L’Aura Rilucente ne manque pas d’atouts pour animer ce kaléidoscope d’affects qui, brièveté de chaque mouvement oblige, composent des scènes toujours changeantes. Si les sonorités sont parfois encore un peu vertes, si quelques scories d’intonation ou de mise en place bien pardonnables rappellent que nous sommes ici en présence d’un premier enregistrement, le sens de la construction du discours est déjà bel et bien là, tout comme une indéniable autorité et la capacité à s’imprégner des particularités stylistiques de chaque compositeur ; nos musiciens ne jouent pas Haym et Händel exactement de la même façon – le premier sonne de façon plus solennelle, le second plus sensuelle – et créent ainsi une fort agréable variété de climats.

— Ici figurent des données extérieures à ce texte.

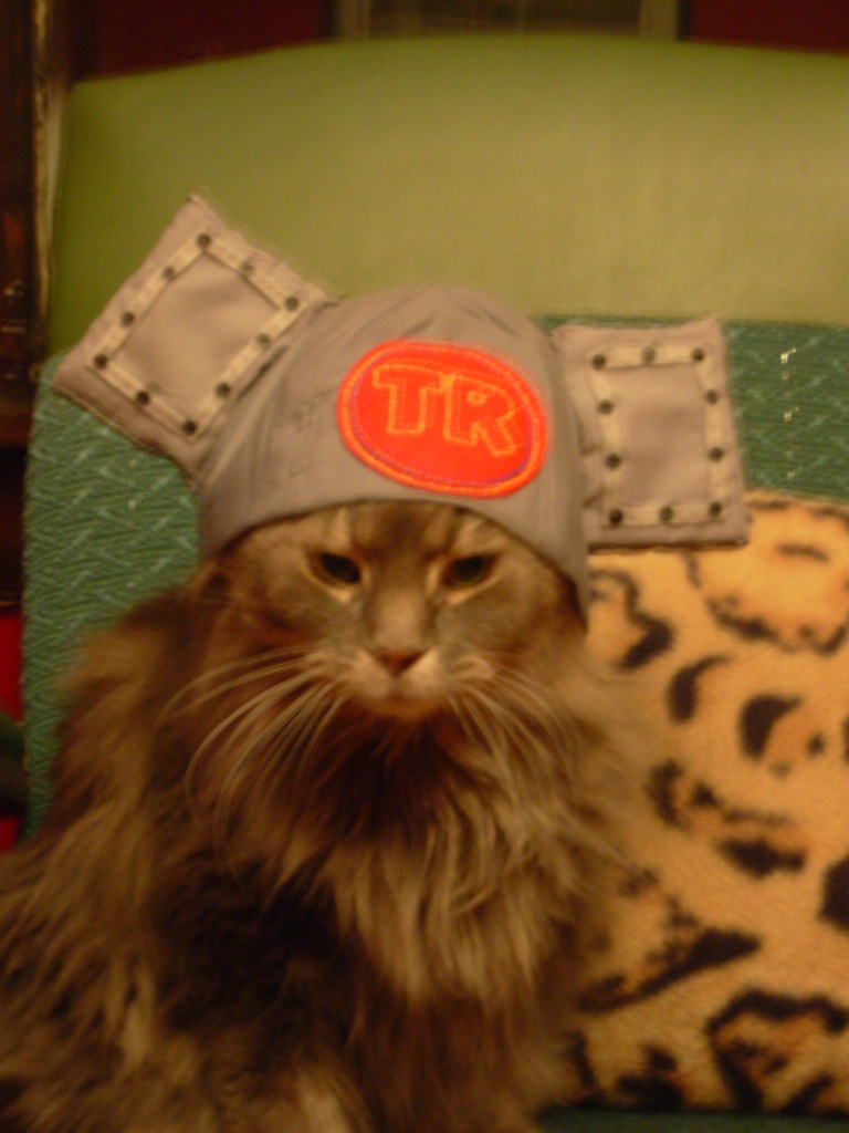 ?Sarah Jane sent in many better pictures of this little TR-adorned hat, but I preferred to run the one where a cat is wearing it.

L'Aura RilucenteTrès sollicités, les violons de Heriberto Delgado Gutiérrez et Sara Bagnati tiennent naturellement le haut de l’affiche et savent nous aguicher en déployant force entrain et piquant, mais Silvia Serrano Monesterolo au violoncelle et Jorge López-Escribano aux clavecin et positif s’y entendent tout autant pour leur donner avec une égale conviction soutien et réplique, ce continuo étant agrémenté d’une harpe, un choix relativement rare mais ici fort à propos grâce à la finesse du jeu de Maximilian Ehrhardt qui ne nous fait à aucun moment regretter l’habituel théorbe. On apprécie également beaucoup la capacité qu’ont les cinq compères à établir des dialogues très vivants entre leur pupitres et à sonner vraiment comme un collectif et non un groupe d’individualités juxtaposées.

 

Voici donc une bien jolie carte de visite, d’autant plus appréciable qu’elle est moins convenue que certaines autres et bénéficie d’une captation soignée — on remercie au passage les Éditions Ambronay d’avoir fait appel aux compétences de Christoph Martin Frommen, ce qui devrait nous éviter, si cette collaboration se poursuit, certaines prises de son médiocres qui ont, par le passé, parfois terni l’image du label. Elle nous permet de découvrir en L’Aura Rilucente un ensemble qui possède déjà quelques beaux atouts, qui ne se résument heureusement pas à sa fraîcheur, pour faire son chemin sur la scène baroque et dont on suivra l’évolution avec intérêt.